It's day 9 of, the month. I joined this daily blogging group and now through that I have found some other fun ones and so I end up having several posts a day instead of one. I then begin to wonder if I can somehow get one post to work for all groups or if that would be considered cheating?? It's a lot for my brain to process so I decide to continue with a separate post for each so that I don't have to make my brain work too hard on the weekend... I mean, I already have to come up with a reason to blog on my own for this one. That brings me to that real reason. Since 'Sprout' is the theme of the month there I'll make this a blog about kids. They are sprouts right??
Let's start by me letting you all, reading this, know that I do not want kids. I never have and never will. Now it's not to say that I don't like kids, in general, cause I do. They can be cute and fun and Lord knows I'm one at heart... I just don't want to be responsible for one... or any... not even my child at heart really:-) I'm not exactly sure why I don't want kids, when people ask I usually say that it's cause I'm too nervous they would turn out to be like my sister (who is demon spawn, transplanted I do believe). I didn't always think that however cause I didn't even want kids when I was a kid playing with dolls. I was never their mom. Sure I did the mommy things cause what else do you do with a doll?? I was the babysitter though:-)
From a young age my mom always told me that if I were smart I would never have kids. Now as a kid I never wondered if that meant she had wished she never had me but as I got older I often figured there was a part of her that did feel that way. I mean, what adult wouldn't right?? If you are a parent and you say that there isn't a moment in your life where you wonder what your life would be without your kids and a teensy part that thinks it could be better then I call your bluff. I'm not saying you don't love your kids, are grateful for them, can't imagine life without them, but you're lying if you say there aren't those moments when they are hell and you wonder. I on the other hand NEVER wonder if I should. NEVER second guess my decision to not go that route. NEVER regret it what so ever. I'm not even the type of woman that gets all gushy around babies... sure they are cute but I don't need to hold one to see that... I'm just saying.
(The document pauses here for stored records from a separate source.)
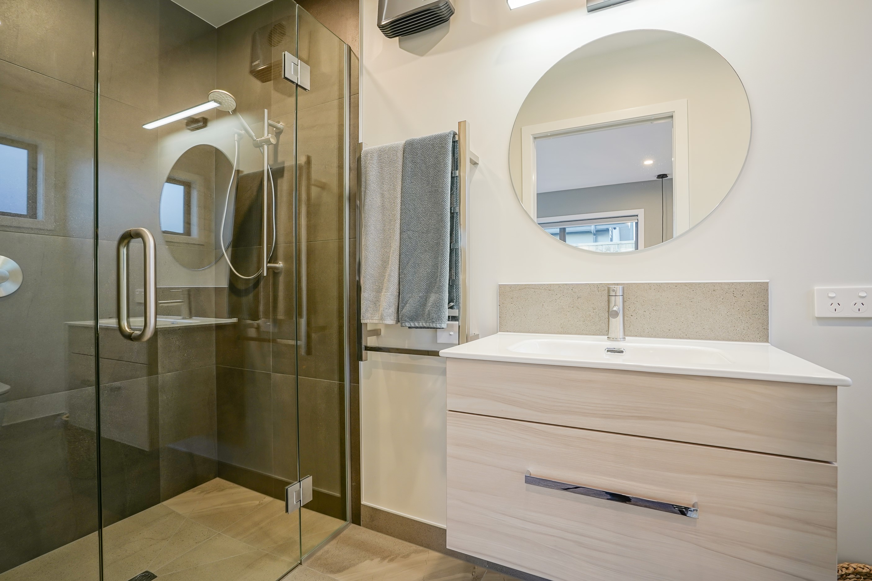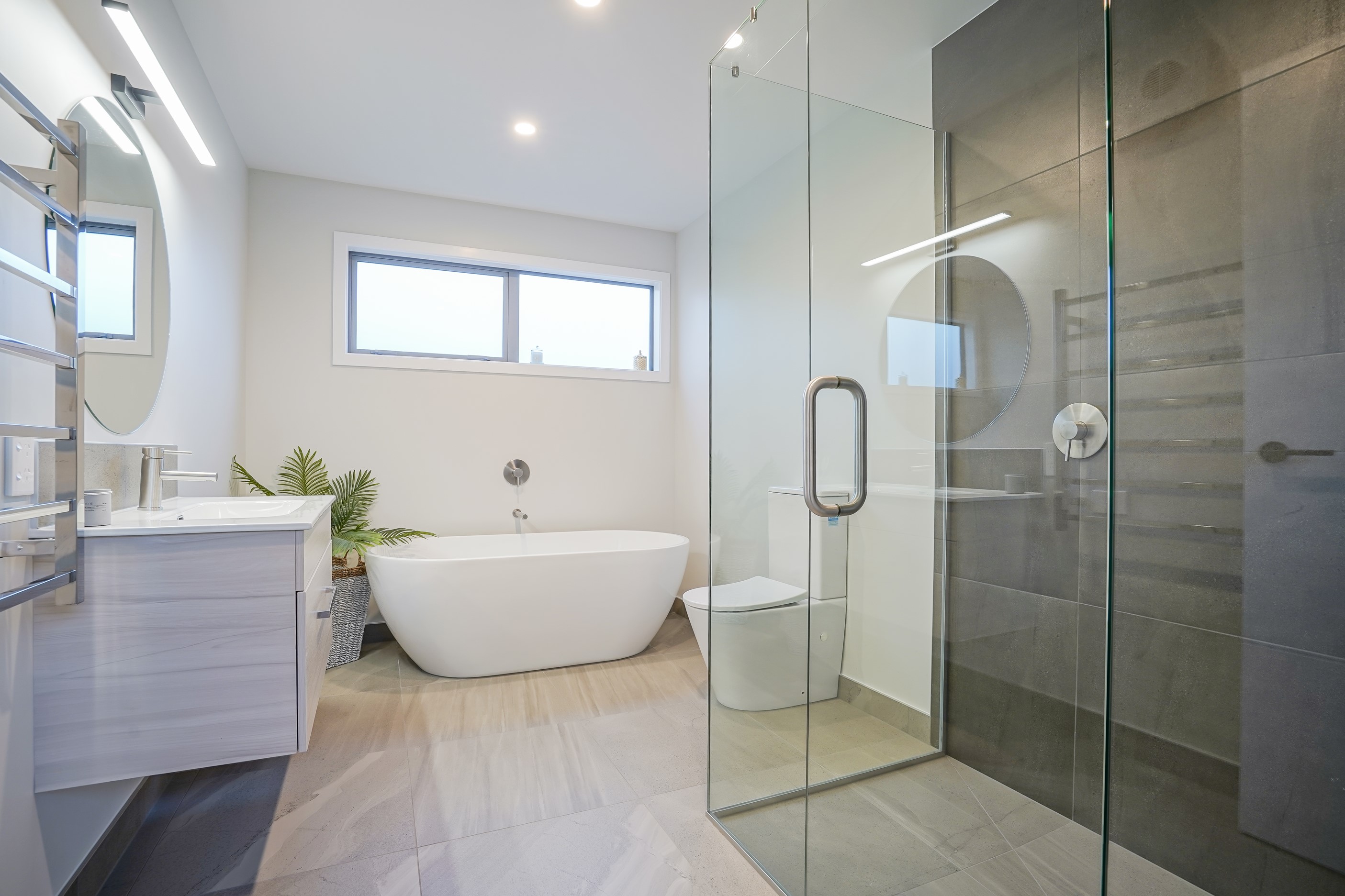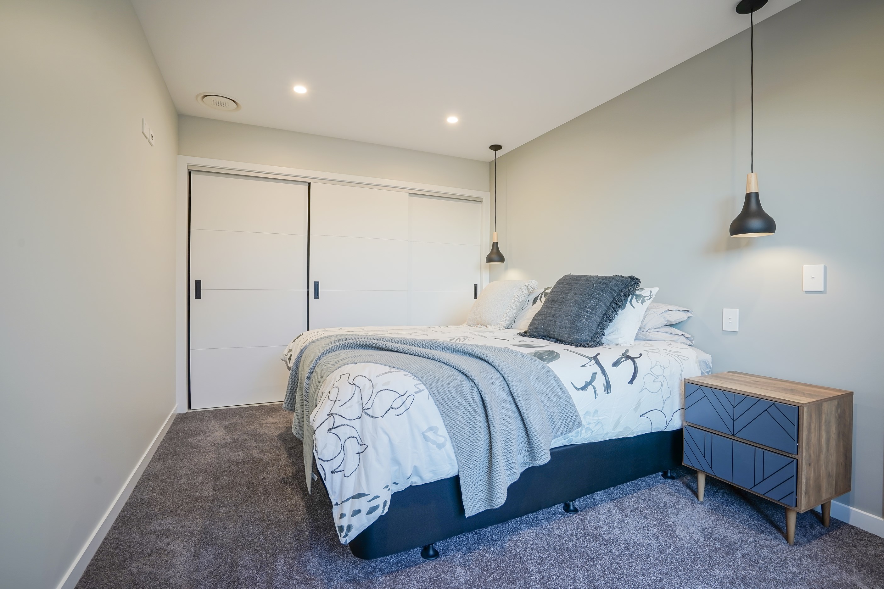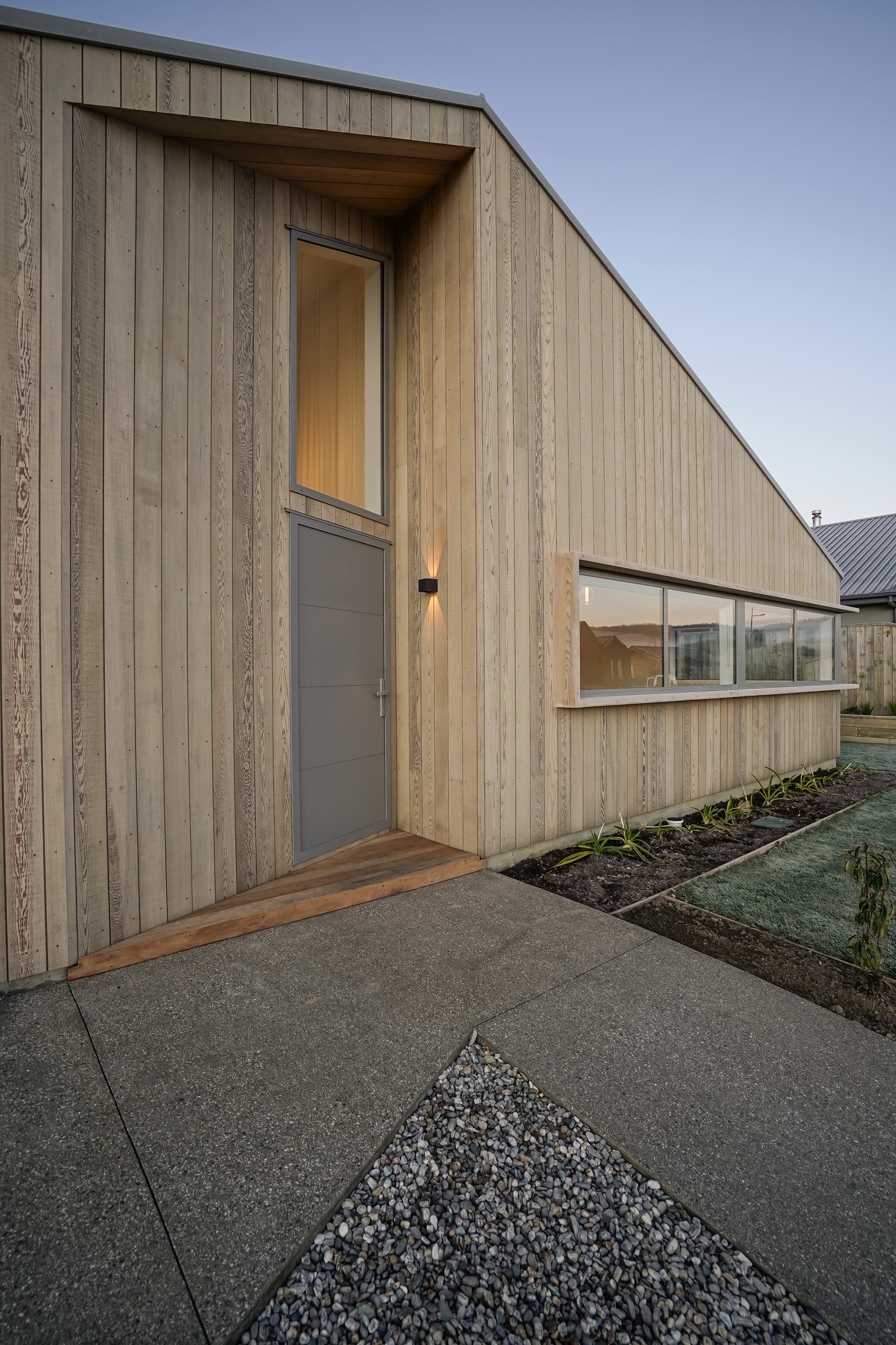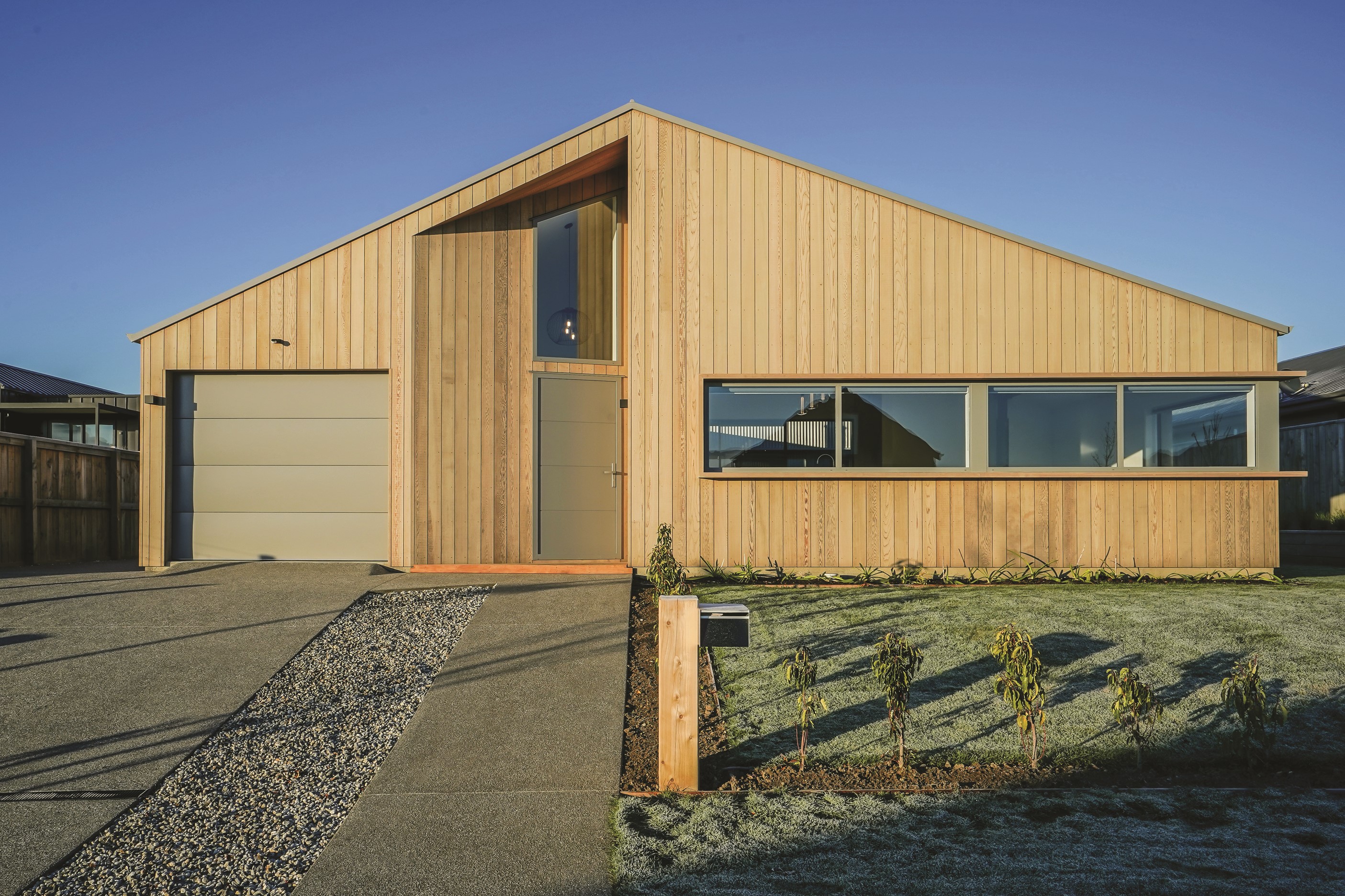 Here’s a stellar example of a familiar architectural form that has been executed to perfection. Looking from the street, you’re immediately drawn to the strong lines and angled soffit in western red cedar. And that’s only part of the story. The back portion of the 168sqm H-shaped Wānaka property is clad in vertical corrugated metal. Timber and metal – it’s all part of the Kiwi vernacular. Step inside and you’ll find soaring ceilings and light-filled spaces – the kitchen-dining area has three picture windows that capture the outlook. Connecting this part of the house with the bedroom wing is a sunny link with two large flush stacker doors that take you out to a sheltered hardwood deck. Too chilly? No worries. A log-burner pizza oven is mounted on a polished concrete pedestal. It’s here the combination of cedar and corrugate comes to the fore. Craftsmanship is evident everywhere, especially in the detailed flashings. Head through the link, which has a study nook, and a sliding barn door leads to the wing containing three bedrooms. The main suite, with ensuite, has direct access to the deck and courtyard. Other bonuses in this beauty include a freestanding bath and underfloor heating in the main bathroom.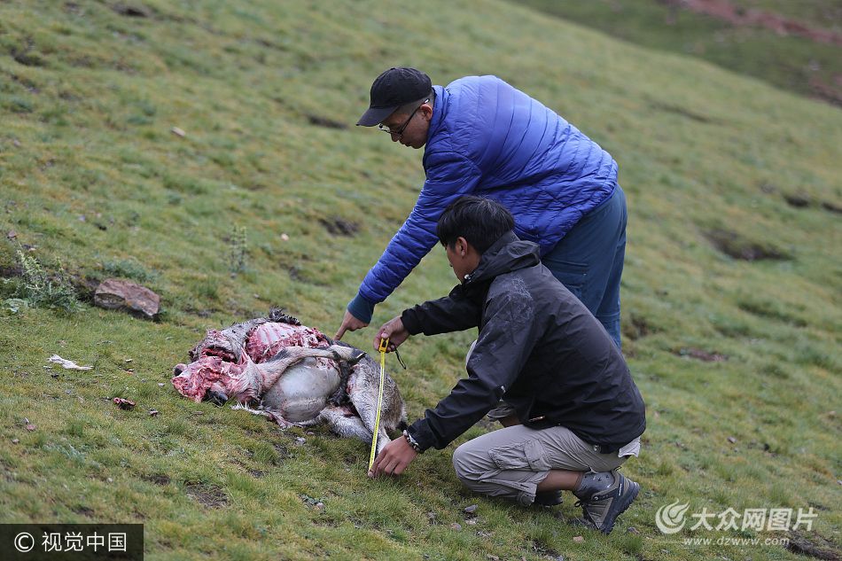 隨著藏獒市場(chǎng)的崩塌、蟲草經(jīng)濟(jì)的興起及牧民生活方式的改變,近些年,在三江源地區(qū)出現(xiàn)了大量的流浪藏狗。曾有人拍到流浪藏狗圍堵雪豹并與之搶食,亦有線索表明,流浪藏狗可能會(huì)對(duì)當(dāng)?shù)匦堋⒗、鹿等野生物種形成某種競(jìng)爭(zhēng)。由此也引來連串的疑問。數(shù)量龐大的流浪藏狗,是否會(huì)對(duì)當(dāng)?shù)厣鷳B(tài)形成沖擊?以瀕危物種雪豹為首的野生動(dòng)物,其生存是否會(huì)受到流浪藏狗的威脅?圖為8月27日一早,研究者返回巖羊尸體所在位置,發(fā)現(xiàn)巖羊又被吃去了大半。劉銘玉和求尼正在測(cè)量剩下的半只巖羊尸體的數(shù)據(jù)。
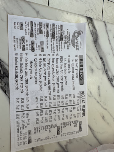 Read moreThe breakfast burritos here are great! I get the #7, all pork with half and half with cheese. Every bite had meat and fantastic flavor. I like the other places....but they just don't compete with Gomez's portion sizes and the flavor taste of the green chili. This location is small, and parking is not the best since they share space with other businesses. Unsure how a couple of comments say they didn't have any flavor? Gomez has a much better taste. Tough to eat and drive. It's juicy, and you might wear it. They haven't been here very long, so they are still working their processes out. They'll get there and become faster. I waited less than 5 min for my food each time...

Ok, I think you get the gist and in effort not to make this blog go on and on I cut to the chase now and admit that the reason kids are on my mind today is because I have a house full of them right now! They are my sister's and who knows who else's really but all I really would like to do is channel the witch in Hansel and Gretel, but be wiser than her so that they end up being the ones cooked and not me. I don't want to eat them so there is no need to fatten them up or anything, I'd just simply like to be rid of them... once and for all, for ever and ever because then I will live happily ever after... THE END.